239. kısa dönem olarak Trakya'da 1996 yılında askerlik yaptım.
Askerlerin yüzde doksanı Doğu ve Güneydoğulu'ydu. Subay, astsubay ve uzman çavuşların bu askerlere sırf etnik kökenlerinden dolayı nasıl kötü davrandıklarına ve nasıl zulmettiklerine bizzat şahit oldum. Bu askerler sanki bu ülke vatandaşı değil de bir savaşta ele geçirilmiş savaş tutsaklarıydı...

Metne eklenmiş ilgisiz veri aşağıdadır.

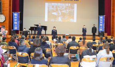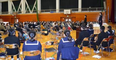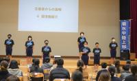 2月5日(金)、生徒会が中心となって、新入生説明会を実施しました。今年は、例年と形をかえ、体験学習は12月に実施しました。このときは、1年生が中心になって小学生のサポートをしましたが、今回は生徒会を中心に2年生全体で説明会を考えました。中学校での生活やきまり、部活動等について、とてもわかりやすくしかも堂々と各自が発表できました。三年生から伝統の襷を受け継ぎ、2年生が学校の中心となって活躍する姿をとてもうれしく思います。

Etnik kökenlerinden dolayı kötü muameleye uğradıklarının farkına varan askerler ne kadar saf ve temiz olurlarsa olsun birer devlet düşmanına dönüşüyorlardı. Terörün en ateşli olduğu bu hassas dönemde Doğulu askerler adeta bölücü terör örgütü sempatizanı olmaya teşvik ediliyordu. Halbuki o çocuklar oraya vatani görevlerini yapmaya gelmişlerdi.
İşte kendi ülkesinin insanlarını hor gören, aşağılayan, hatta düşman gibi gören hoşgörüsüz, acımasız, önyargılı subay, assubay ve uzmanların yüzünden bu ülkenin sosyal dokusu böyle tahrip ediliyor. Tabii çok iyi subay, astsubay ve uzmanlar da vardı; ama maalesef bunların pek sesi çıkmıyordu, adeta sindirilmişlerdi. Doğulu olmayan askerler olarak biz de bu duruma isyan ediyorduk, Doğulular'ın ruh halini de varın siz düşünün.